Sub-agents reached general availability in Codex CLI v0.115.0 (16 March 2026)1 and gained readable path-based addressing in v0.117.0 (26 March 2026)2. With the scaffolding now stable, production teams have started publishing their actual topologies. This article walks through three patterns — parallel feature development with wave-based phase gating, a continuous review-and-fix swarm for legacy codebases, and an event-driven incident response agent — with complete TOML configurations, cost models, OTel integration, and documented failure modes.

Prerequisites

Sub-agents are enabled by default from v0.115.0 onwards; no feature flag is required1. You’ll need:

  • Codex CLI ≥ v0.117.0 for path-based addressing2
  • Custom agent TOML files in .codex/agents/ (project-scoped) or ~/.codex/agents/ (global)3
  • The [agents] section in your config.toml to set thread limits and depth
# .codex/config.toml
[agents]
max_threads = 8
max_depth   = 1

Keep max_depth = 1 unless you explicitly need recursive fan-out; uncapped depth dramatically inflates token usage3.

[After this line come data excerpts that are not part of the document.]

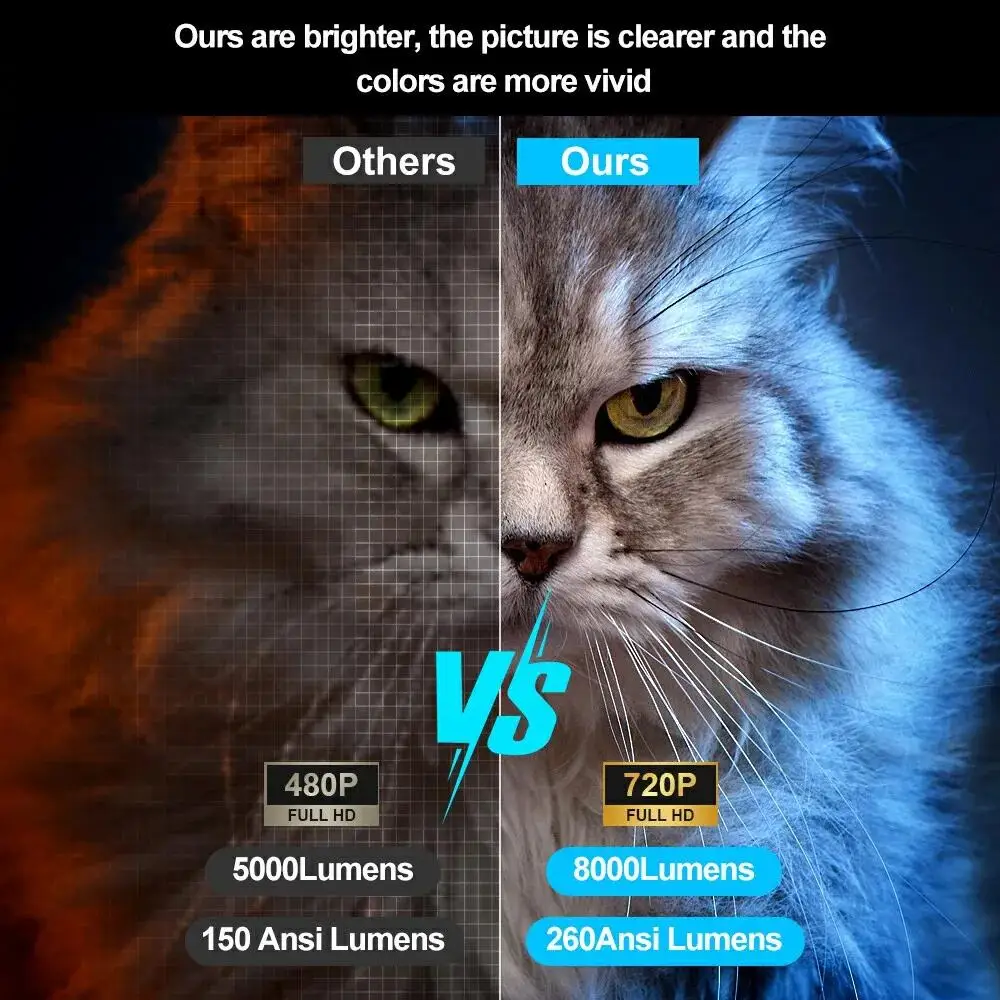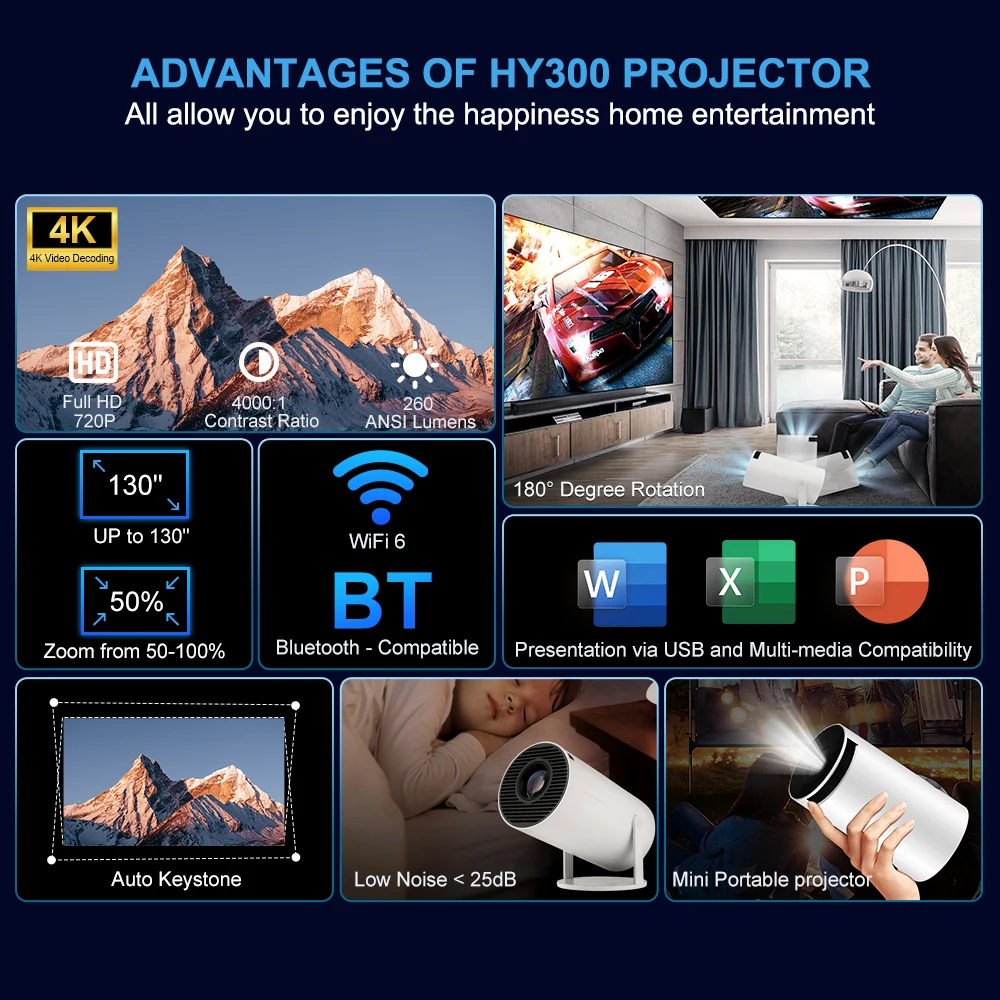 - 180°flexible projection angle,can projecting where you want- 130"screen projection display- low noise low price, portable ,delicate holding with one hand,outdoor projection easier- You can comprehensively correct the picture by the remote control, no matter which angle- Bulb Life 50000 Hrs- Image FileJPG,BMP,PNG,support image scaling- Video FileFull-format decoding including HEVC/VP9/AVS2/AVC 4K@60fps and MPEG1/MPEG2/AV1 1080p/60fps decoding and so on Pls note our projector can support 4K video decode, but output video highest resolution is 1280*720P. Precautions:When there is a situation where Netflix, Disney, and other software constantly need to be updated and cannot log in to the account normally, please do not worry. This is because the software of the product itself is not certified by Google, so it cannot be directly updated on Google Mall. All the same projectors on the market are not certified, but we have a solution for this situation. Customers who encounter this situation should contact customer service as soon as possible, The customer will send you a solution and follow the one provided by the customer to solve any problems they encounter! Native 720P Resolution & 4K Video decodingImmerse yourself in stunning visuals as our projector supports high-definition 1920x1080P resolution. Full-format decoding including HEVC/VP9/AVS2/AVC 4K@30fps and AV1/MPEG1/MPEG2 1080p/30fps decoding and so on. Elevate your viewing with sharper details and embrace the future of projection technology.
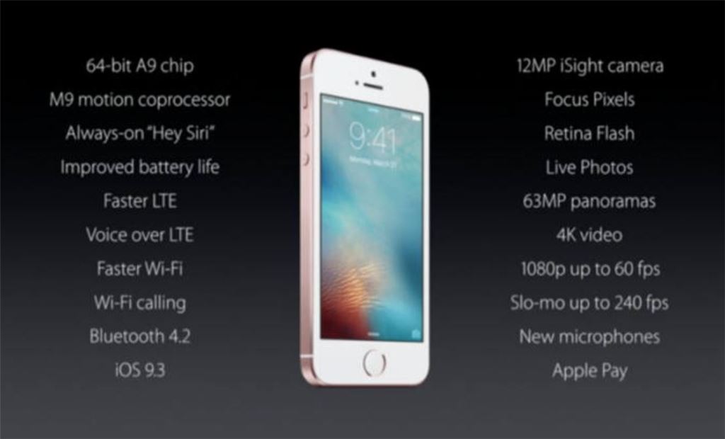 디자인은 5s, 기능은 6s…예상과 크게 다르지 않아4인치 아이폰에 대한 요구 반영…399달러(16GB)부터24일 예판 시작, 30일 출시…미국, 영국, 캐나나 등서 1차 출시[아시아경제 김유리 기자] 애플이 21일(현지시간) 미국 캘리포니아 쿠퍼티노 애플캠퍼스 타운홀에서 4인치 '아이폰 SE'를 공개했다. 디자인은 '아이폰5s'와 유사하나 주요 기능은 '아이폰6s'와 닮은 제품이다. 애플은 "4인치 아이폰에 대한 요구가 많으며 여전히 전 세계에서 디스플레이의 크기가 작은 폰이 많이 팔린다"고 말하며 이번 제품을 선보이게 된 계기를 밝혔다. 디자인은 전작 격인 아이폰5s와 유사하다. 컬러는 로즈골드가 추가됐다. 그러나 성능은 아이폰6s급이다. 64비트 기반 A9 CPU를 사용했고 M9 모션 보조 프로세서 역시 적용됐다. CPU는 아이폰6s와 동급이며 아이폰5s 대비 2배의 성능이다. 아이폰 SE에서는 또 항상 켜져 있는 음성비서 '시리'를 바로 불러내고 질문에 대한 대답을 들을 수 있다. 배터리 역시 개선됐다. 카메라도 아이폰6s와 닮았다. 1200만화소 아이사이트 카메라가 적용됐으며 아이폰6s 카메라의 특징적인 기능이었던 '라이브 포토' 역시 적용됐다. 라이브 포토는 촬영된 사진을 길게 터치하면 사진을 찍은 앞뒤 3초간을 동영상처럼 보여주는 기능이다. 이밖에 포커스 픽셀, 투톤 플래시 등도 적용됐다. 630만화소급 파노라마 촬영과 4K 비디오 촬영 역시 가능하다.네트워크도 아이폰5s에 비해 50% 빠르며 와이파이 역시 3배 가까이 빨라졌다.터치ID와 근거리 무선통신(NFC)이 지원돼 애플페이를 사용할 수 있다. 아이폰 SE는 영국, 캐나다, 중국, 미국, 뉴질랜드 등에서 먼저 만나볼 수 있다. 예약가입은 오는 24일부터 시작되며 판매 시작일은 30일이다. 아이폰 SE는 재활용 가능한 알루미늄 바디를 갖췄으며 가격은 16기가바이트(GB) 모델이 399달러, 64GB 모델이 499달러다.약정 프로그램 가입시 한 달에 17달러부터 구매할 수 있다. 5월 말에는 전 세계 110개국에서 아이폰 SE를 만나볼 수 있을 것으로 보인다. 아이폰 SE에는 이날 발표된 iOS 9.3이 적용된다. 김유리 기자 yr61@asiae.co.kr<ⓒ세계를 보는 창 경제를 보는 눈, 아시아경제(www.asiae.co.kr) 무단전재 배포금지>
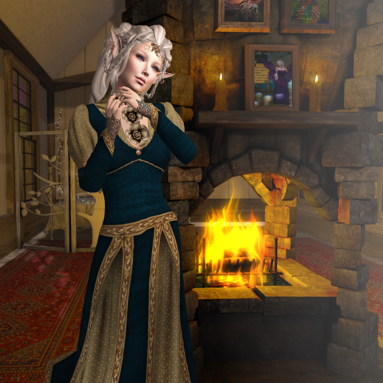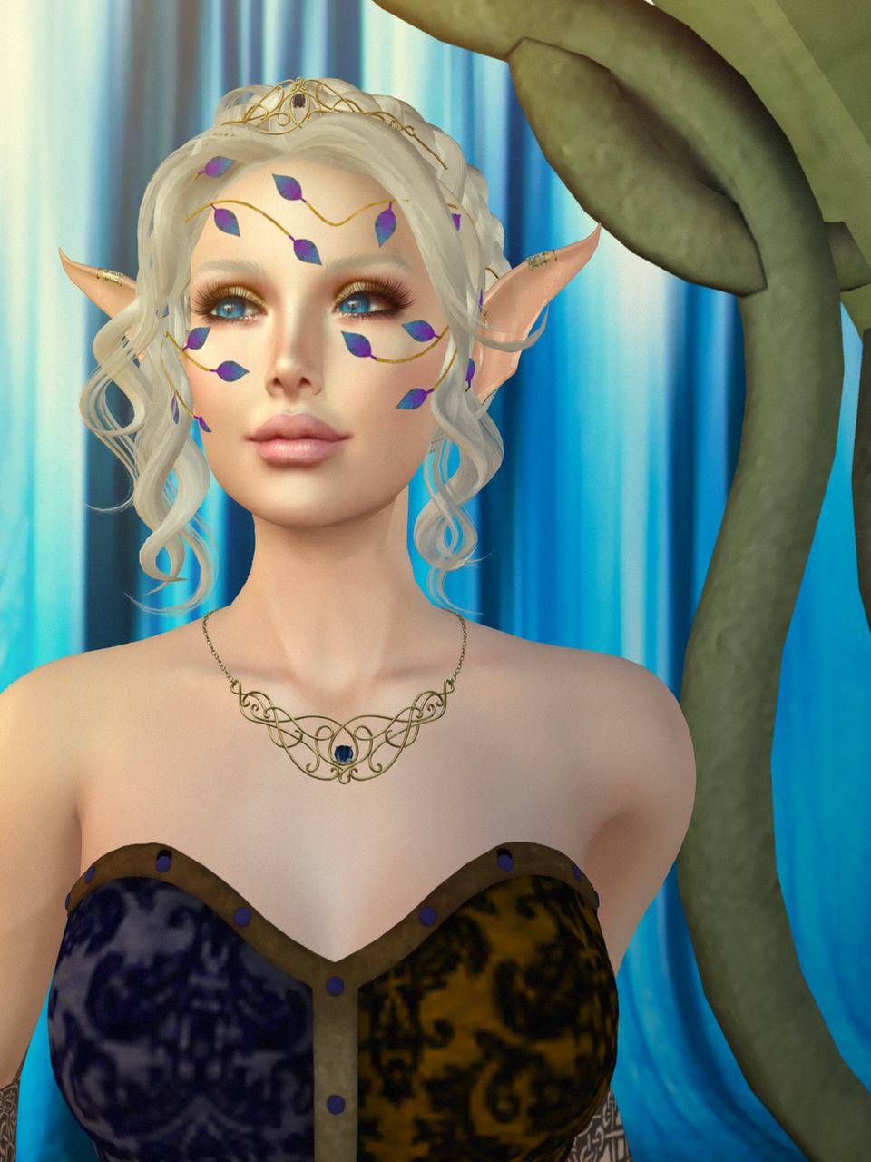 There are a couple of reasons I chose to put this photo in twice. First of all, take a look at the beautiful jewellery Gwyneth is wearing. This is from Cae, called Isabelle; the necklace and tiara are from the same set. It’s not new; it’s a staple of Gwyneth’s wardrobe. The tiara works beautifully with one of my favourite Analog Dog updos, Molly. I got this at the 2015 Hair Fair, but it’s now available at the Analog Dog Main Store. The face jewellery is from Spyralle, called the Forest Edge Mask, and it comes with quite a lot of texturing options. I picked up the mask at an event that I don’t think is happening any more, Illusion Point, but it’s now available in the Spyralle Main Store. Now, remember I said I was really loving playing with Catwa head appliers? This is yet another one, this time Morgana from Pink Fuel. Pink Fuel has been one of my favourite skin designers for years; I lived in Harley for most of Gwyneth’s life as a Princess in the Ashmourne Seelie Sithen. The lips on this skin are so beautiful, not over-puffy, and wide enough so that Gwyneth’s mouth looks realistic; Pink Fuel also does an amazing job with makeups, and there are several choices on the Morgana applier, which comes with a version for both the Jessica and the Annie mesh heads from Catwa. These appliers weren’t at We Love Roleplay; they’re available at the Pink Fuel Main Store. The stunning eyes are from Ikon, natch; they are Triumph Eyes in colour Electric.
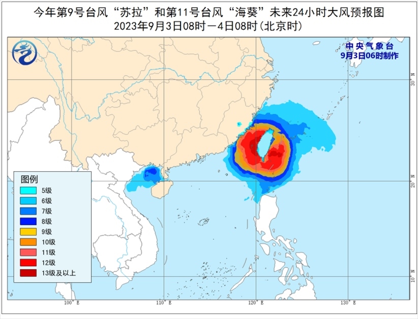 大風預報:9月3日08時至4日08時,受“蘇拉”影響,北部灣、瓊州海峽以及廣西南部沿海、海南島北部沿海等地將有6-7級大風,其中北部灣部分海域將有8級、陣風9-10級的大風;受“海葵”影響,巴士海峽、臺灣海峽、臺灣以東洋面、東海南部及釣魚島附近海域以及浙江南部沿海、福建沿海、臺灣島沿海將有6-8級、陣風9-10級大風,部分海域或地區(qū)的風力有9-12級,陣風13-14級,“??敝行慕?jīng)過的附近海面或地區(qū)的風力有13-16級,陣風17級。

Case Study 1: Parallel Feature Development with Wave-Based Phase Gating

Topology

A three-phase wave model with a hard gate between each phase. Phase one is always sequential — the planner runs alone and produces a SPEC.md. Phases two and three spawn parallel workers from that spec.

flowchart TD
    A[Orchestrator] --> B[Phase 1: Planner\n/root/planner]
    B --> C{Spec approved?}
    C -- yes --> D[Phase 2: Parallel Implementers\n/root/impl_a /root/impl_b]
    C -- no --> B
    D --> E[Phase 3: Parallel Reviewers\n/root/reviewer_a /root/reviewer_b]
    E --> F[Orchestrator collects results]

Agent TOML Definitions

# .codex/agents/planner.toml
name                  = "planner"
description           = "Reads requirements and writes SPEC.md. Read-only except for SPEC.md."
model                 = "gpt-5.4"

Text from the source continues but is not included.